Open Stack

Hi everyone,

We're currently working on an improved mechanism for plumbing file access 
into a VM or container and in most cases some interaction and 
configuration on the hypervisor/host is required to make it happen.  The 
goal is to create something that generalizes beyond the current NFS and 
CIFS-only assumptions that are baked into the current crop of Manila 
drivers.

The current target is to use the new VSOCK zero-configuration sockets, 
which I will be talking about at the summit on Wednesday:

 - mount distributed fs on host, export via knfsd to guest over VSOCK 
 - run Ganesha with distributed fs FSAL on host, export to guest over VSOCK

(In short, VSOCK requires no configuration on the guest--so we can 
continue to treat it as a black box--and only a simple network id 
assignment on the host.  This reduces driver complexity, reduces the 
potential for user error, and improves security.)

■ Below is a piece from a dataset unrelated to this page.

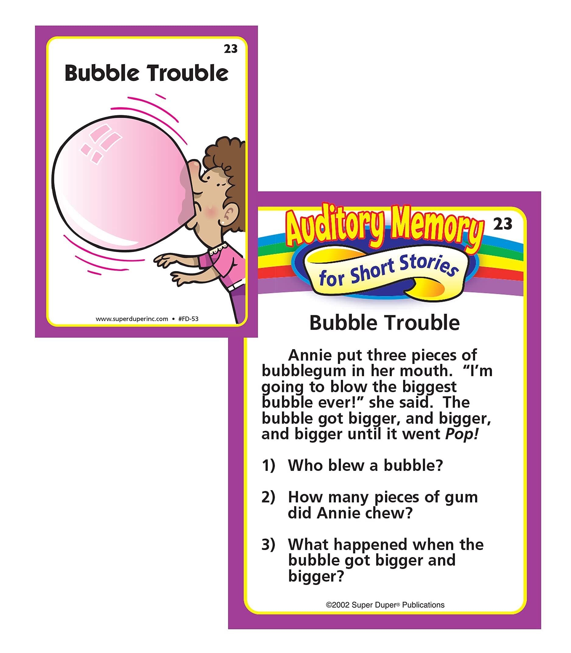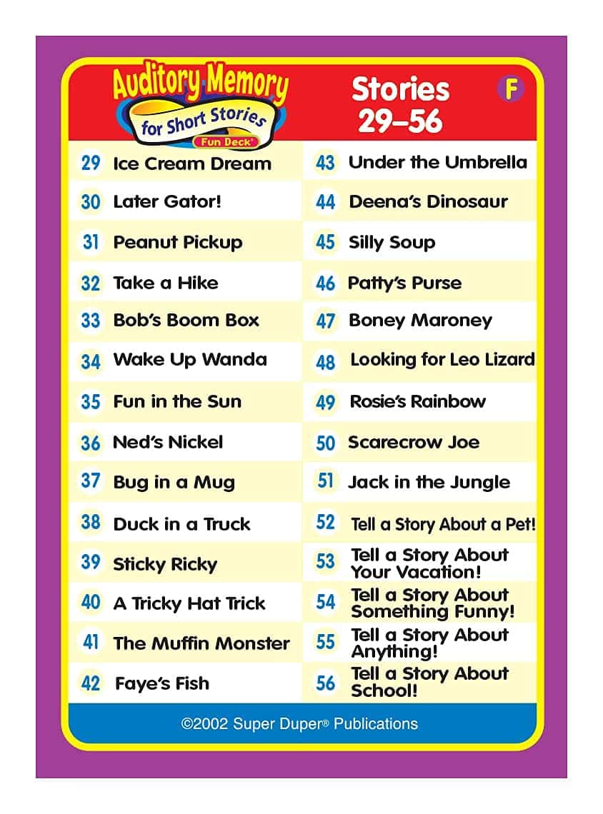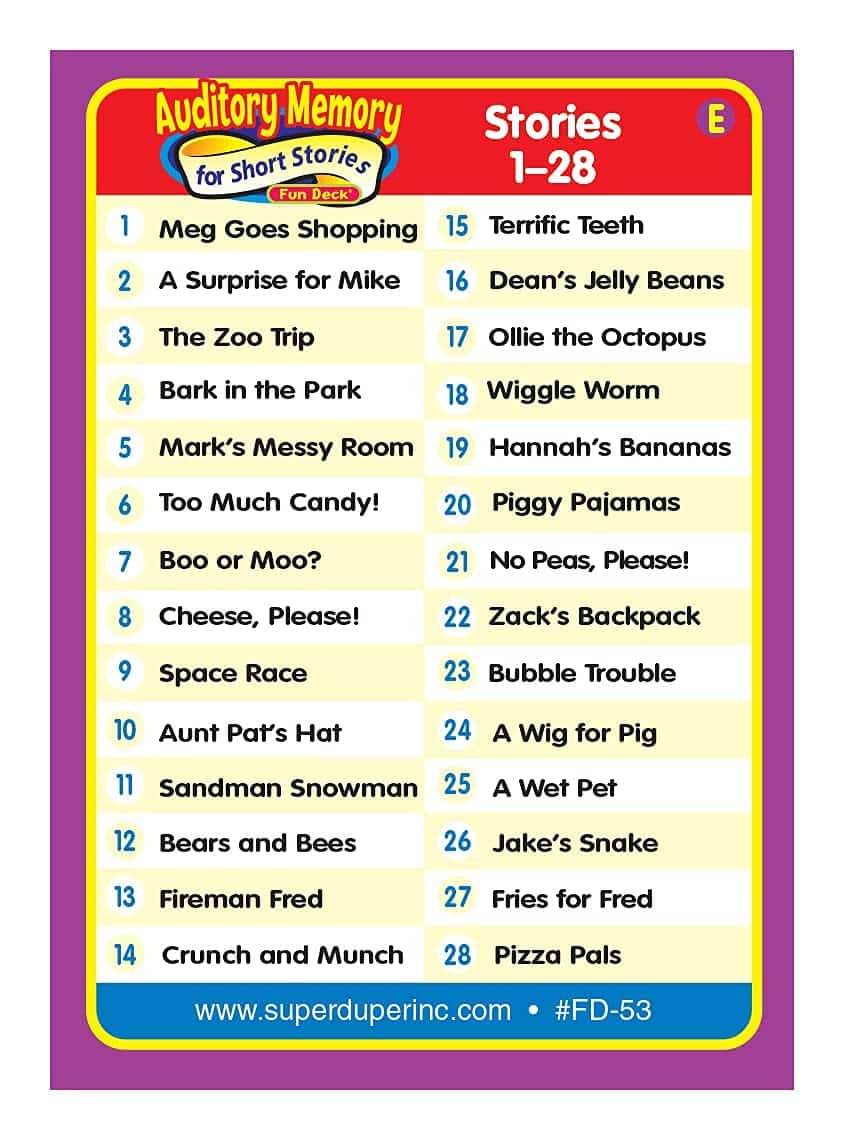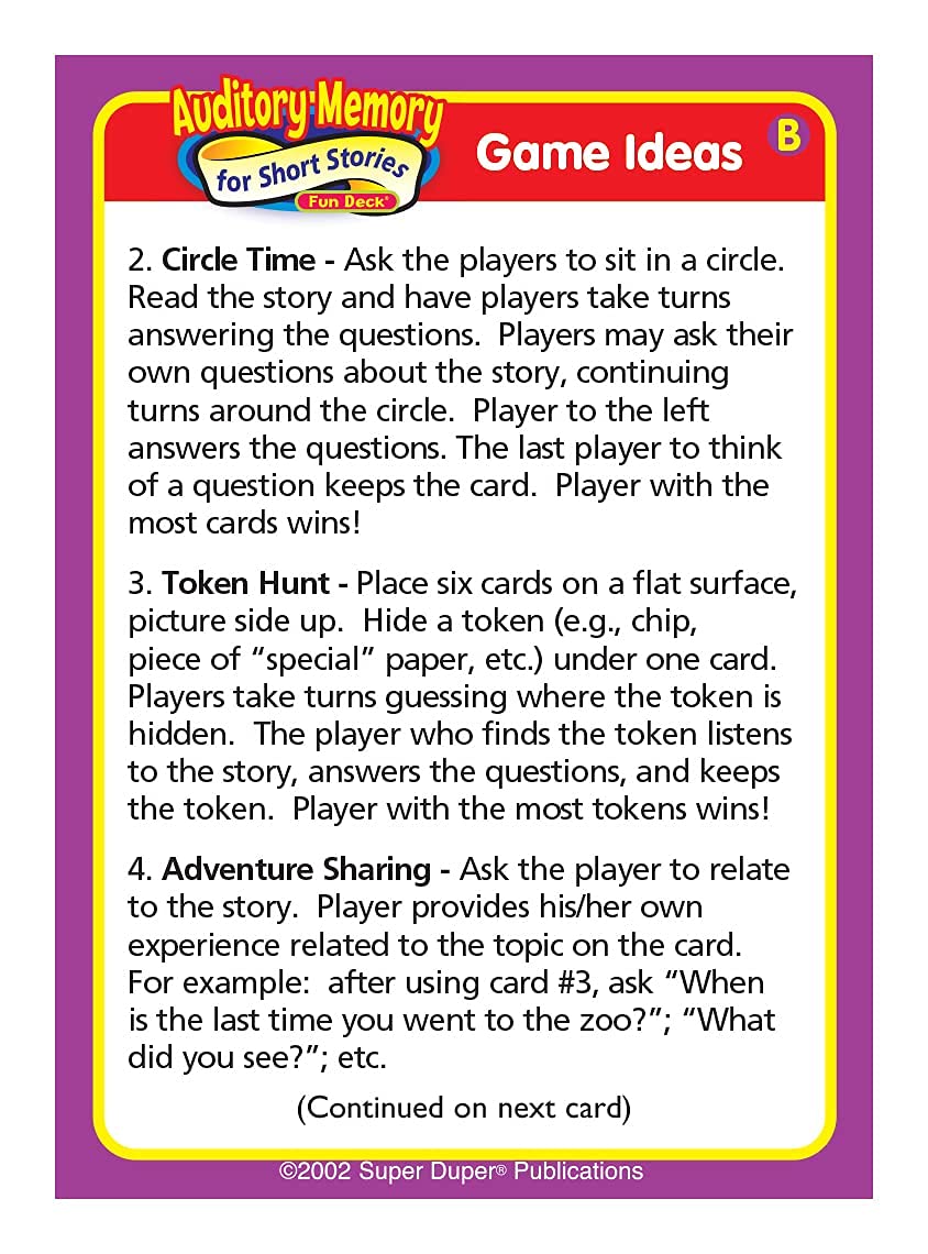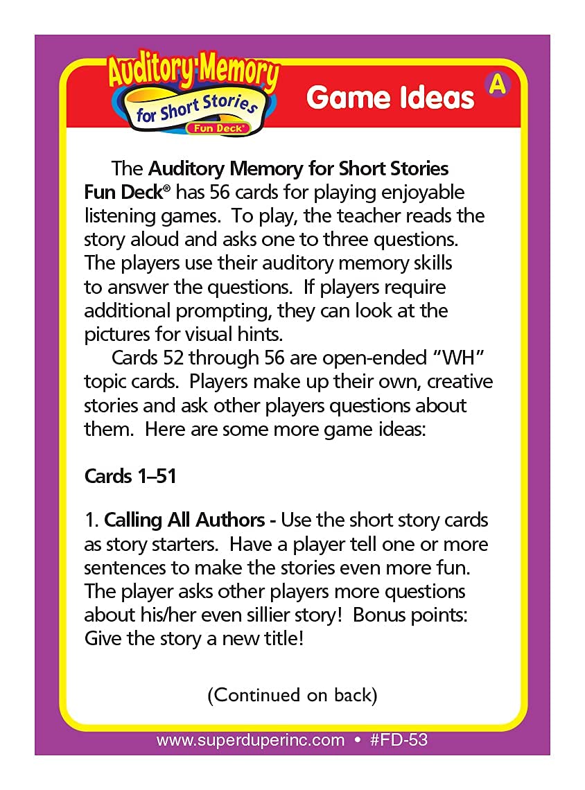 - You might also enjoy our “Auditory Memory for Details in Sentences” Fun Deck Cards – also available on Amazon

Or, the same can be done using a more configuration-intensive private 
network:

 - mount distributed fs on host, export via knfsd to guest over private 
   host/guest network
 - run ganesha with distributed fs FSAL on host, export to guest over 
   private host/guest network

We are also interested in container use-cases (e.g., for Nova-managed 
containers using lxc or nova-docker):

 - mount distributed fs on host, bind mount a volume/directory into the 
guest/container namespace

>From a plumbing perspective, these approaches appear to be the most 
attractive as far as efficiency and security.  When it comes to making 
openstack actually orchestrate it, however, things get complicated (and 
as a developer in a peripheral project I don't have the clearest view of 
how things should work).

The problem is that in any of these scenarios, the default/naive strategy 
of having Manila go poking around on the host machine is very fragile:

 - What if the host is down when the Manila configuration is made?
 - What if the VM is migrated to another host?
 - What if Manila doesn't understand what (the) Nova (driver) is doing?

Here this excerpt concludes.